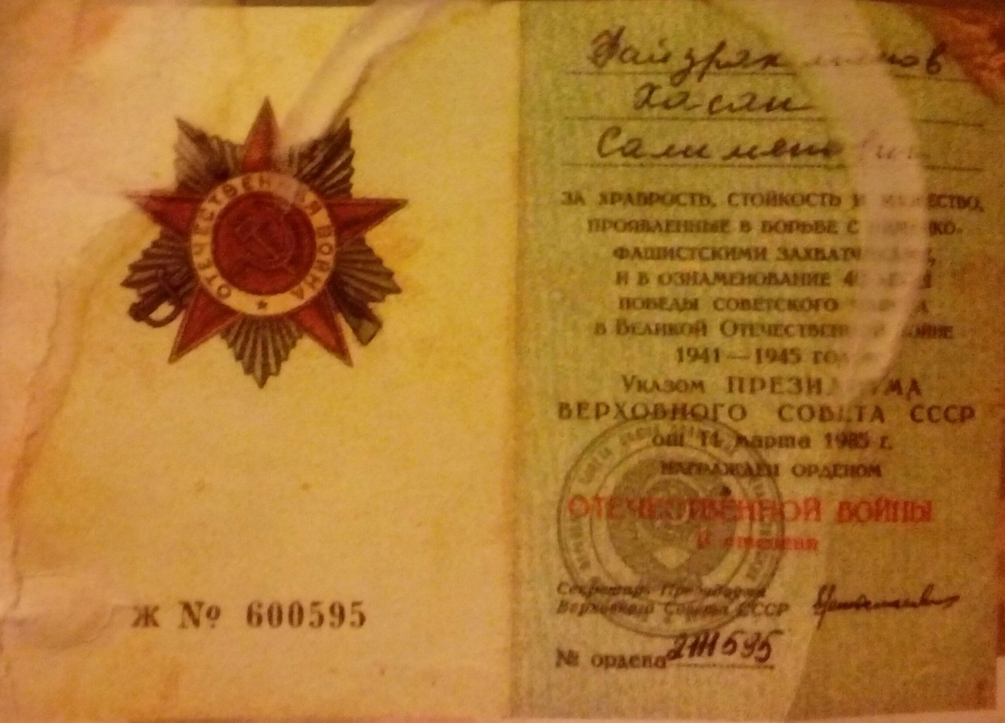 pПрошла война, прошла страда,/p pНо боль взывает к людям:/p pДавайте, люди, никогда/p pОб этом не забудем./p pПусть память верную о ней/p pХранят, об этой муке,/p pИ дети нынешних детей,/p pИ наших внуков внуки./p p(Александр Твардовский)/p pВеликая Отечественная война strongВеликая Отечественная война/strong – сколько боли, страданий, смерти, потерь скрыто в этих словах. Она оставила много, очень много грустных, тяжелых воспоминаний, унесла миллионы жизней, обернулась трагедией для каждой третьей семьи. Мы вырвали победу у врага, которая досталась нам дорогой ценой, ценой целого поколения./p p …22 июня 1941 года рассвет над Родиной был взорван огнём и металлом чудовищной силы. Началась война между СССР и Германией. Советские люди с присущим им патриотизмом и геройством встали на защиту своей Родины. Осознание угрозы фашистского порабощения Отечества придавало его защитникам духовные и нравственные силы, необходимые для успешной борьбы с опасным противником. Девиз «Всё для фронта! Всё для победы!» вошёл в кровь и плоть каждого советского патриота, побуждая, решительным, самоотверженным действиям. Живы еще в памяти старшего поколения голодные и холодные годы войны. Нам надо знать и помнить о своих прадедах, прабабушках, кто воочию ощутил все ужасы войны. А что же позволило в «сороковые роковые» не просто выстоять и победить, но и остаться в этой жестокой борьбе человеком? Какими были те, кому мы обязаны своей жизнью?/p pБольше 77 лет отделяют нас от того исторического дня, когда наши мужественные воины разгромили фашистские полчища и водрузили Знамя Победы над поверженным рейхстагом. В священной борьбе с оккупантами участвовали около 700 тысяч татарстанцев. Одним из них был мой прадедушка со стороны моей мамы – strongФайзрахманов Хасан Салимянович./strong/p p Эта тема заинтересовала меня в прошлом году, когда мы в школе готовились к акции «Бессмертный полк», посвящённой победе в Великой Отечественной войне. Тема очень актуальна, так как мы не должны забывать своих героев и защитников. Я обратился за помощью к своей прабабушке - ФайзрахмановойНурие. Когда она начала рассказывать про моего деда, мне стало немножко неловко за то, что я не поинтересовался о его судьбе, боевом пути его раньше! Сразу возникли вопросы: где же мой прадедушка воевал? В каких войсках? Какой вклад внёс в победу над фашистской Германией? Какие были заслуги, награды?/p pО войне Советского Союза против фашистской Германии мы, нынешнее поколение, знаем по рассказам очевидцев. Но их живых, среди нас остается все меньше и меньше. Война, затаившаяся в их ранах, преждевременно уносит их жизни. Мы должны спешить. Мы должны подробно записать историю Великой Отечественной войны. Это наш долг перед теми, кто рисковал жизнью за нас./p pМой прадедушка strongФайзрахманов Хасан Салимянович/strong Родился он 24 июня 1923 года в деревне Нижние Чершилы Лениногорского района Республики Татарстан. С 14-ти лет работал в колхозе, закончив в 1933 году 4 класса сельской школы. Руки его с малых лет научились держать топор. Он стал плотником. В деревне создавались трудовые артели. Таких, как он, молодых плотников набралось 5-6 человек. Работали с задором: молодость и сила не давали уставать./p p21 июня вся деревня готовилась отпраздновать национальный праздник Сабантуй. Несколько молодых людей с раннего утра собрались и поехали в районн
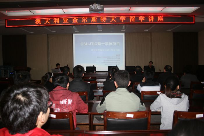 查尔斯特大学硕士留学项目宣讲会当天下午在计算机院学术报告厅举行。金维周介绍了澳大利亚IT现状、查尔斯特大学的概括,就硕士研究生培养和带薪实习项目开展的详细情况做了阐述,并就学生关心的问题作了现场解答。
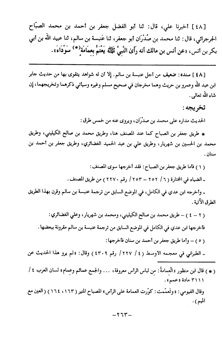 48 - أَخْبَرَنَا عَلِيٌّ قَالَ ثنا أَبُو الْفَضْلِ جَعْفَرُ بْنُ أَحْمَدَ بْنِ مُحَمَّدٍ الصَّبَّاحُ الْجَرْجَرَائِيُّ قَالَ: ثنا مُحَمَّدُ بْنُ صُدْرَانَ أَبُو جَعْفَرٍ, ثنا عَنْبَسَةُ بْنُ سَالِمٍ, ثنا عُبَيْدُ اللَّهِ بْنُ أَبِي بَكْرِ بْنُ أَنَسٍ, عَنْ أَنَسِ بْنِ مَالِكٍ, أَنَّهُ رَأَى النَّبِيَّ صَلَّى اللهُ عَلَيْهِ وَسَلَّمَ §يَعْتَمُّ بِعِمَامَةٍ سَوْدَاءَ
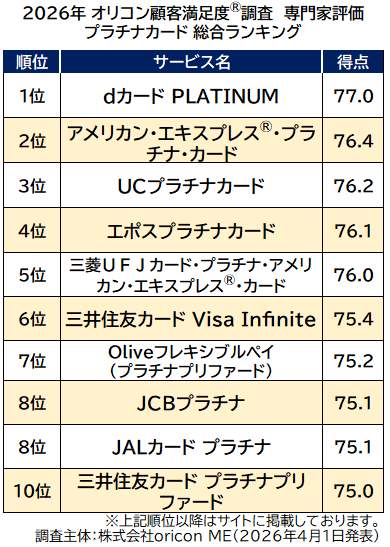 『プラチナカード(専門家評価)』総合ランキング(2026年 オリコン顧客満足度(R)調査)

----------------

**ACTION ITEM:** Write out all the data exactly, minus pictures.

**ANSWER:**
 pПрошла война, прошла страда,/p pНо боль взывает к людям:/p pДавайте, люди, никогда/p pОб этом не забудем./p pПусть память верную о ней/p pХранят, об этой муке,/p pИ дети нынешних детей,/p pИ наших внуков внуки./p p(Александр Твардовский)/p pВеликая Отечественная война strongВеликая Отечественная война/strong – сколько боли, страданий, смерти, потерь скрыто в этих словах. Она оставила много, очень много грустных, тяжелых воспоминаний, унесла миллионы жизней, обернулась трагедией для каждой третьей семьи. Мы вырвали победу у врага, которая досталась нам дорогой ценой, ценой целого поколения./p p …22 июня 1941 года рассвет над Родиной был взорван огнём и металлом чудовищной силы. Началась война между СССР и Германией. Советские люди с присущим им патриотизмом и геройством встали на защиту своей Родины. Осознание угрозы фашистского порабощения Отечества придавало его защитникам духовные и нравственные силы, необходимые для успешной борьбы с опасным противником. Девиз «Всё для фронта! Всё для победы!» вошёл в кровь и плоть каждого советского патриота, побуждая, решительным, самоотверженным действиям. Живы еще в памяти старшего поколения голодные и холодные годы войны. Нам надо знать и помнить о своих прадедах, прабабушках, кто воочию ощутил все ужасы войны. А что же позволило в «сороковые роковые» не просто выстоять и победить, но и остаться в этой жестокой борьбе человеком? Какими были те, кому мы обязаны своей жизнью?/p pБольше 77 лет отделяют нас от того исторического дня, когда наши мужественные воины разгромили фашистские полчища и водрузили Знамя Победы над поверженным рейхстагом. В священной борьбе с оккупантами участвовали около 700 тысяч татарстанцев. Одним из них был мой прадедушка со стороны моей мамы – strongФайзрахманов Хасан Салимянович./strong/p p Эта тема заинтересовала меня в прошлом году, когда мы в школе готовились к акции «Бессмертный полк», посвящённой победе в Великой Отечественной войне. Тема очень актуальна, так как мы не должны забывать своих героев и защитников. Я обратился за помощью к своей прабабушке - ФайзрахмановойНурие. Когда она начала рассказывать про моего деда, мне стало немножко неловко за то, что я не поинтересовался о его судьбе, боевом пути его раньше! Сразу возникли вопросы: где же мой прадедушка воевал? В каких войсках? Какой вклад внёс в победу над фашистской Германией? Какие были заслуги, награды?/p pО войне Советского Союза против фашистской Германии мы, нынешнее поколение, знаем по рассказам очевидцев. Но их живых, среди нас остается все меньше и меньше. Война, затаившаяся в их ранах, преждевременно уносит их жизни. Мы должны спешить. Мы должны подробно записать историю Великой Отечественной войны. Это наш долг перед теми, кто рисковал жизнью за нас./p pМой прадедушка strongФайзрахманов Хасан Салимянович/strong Родился он 24 июня 1923 года в деревне Нижние Чершилы Лениногорского района Республики Татарстан. С 14-ти лет работал в колхозе, закончив в 1933 году 4 класса сельской школы. Руки его с малых лет научились держать топор. Он стал плотником. В деревне создавались трудовые артели. Таких, как он, молодых плотников набралось 5-6 человек. Работали с задором: молодость и сила не давали уставать./p p21 июня вся деревня готовилась отпраздновать национальный праздник Сабантуй. Несколько молодых людей с раннего утра собрались и поехали в районн
 查尔斯特大学硕士留学项目宣讲会当天下午在计算机院学术报告厅举行。金维周介绍了澳大利亚IT现状、查尔斯特大学的概括,就硕士研究生培养和带薪实习项目开展的详细情况做了阐述,并就学生关心的问题作了现场解答。
 48 - أَخْبَرَنَا عَلِيٌّ قَالَ ثنا أَبُو الْفَضْلِ جَعْفَرُ بْنُ أَحْمَدَ بْنِ مُحَمَّدٍ الصَّبَّاحُ الْجَرْجَرَائِيُّ قَالَ: ثنا مُحَمَّدُ بْنُ صُدْرَانَ أَبُو جَعْفَرٍ, ثنا عَنْبَسَةُ بْنُ سَالِمٍ, ثنا عُبَيْدُ اللَّهِ بْنُ أَبِي بَكْرِ بْنُ أَنَسٍ, عَنْ أَنَسِ بْنِ مَالِكٍ, أَنَّهُ رَأَى النَّبِيَّ صَلَّى اللهُ عَلَيْهِ وَسَلَّمَ §يَعْتَمُّ بِعِمَامَةٍ سَوْدَاءَ
 『プラチナカード(専門家評価)』総合ランキング(2026年 オリコン顧客満足度(R)調査)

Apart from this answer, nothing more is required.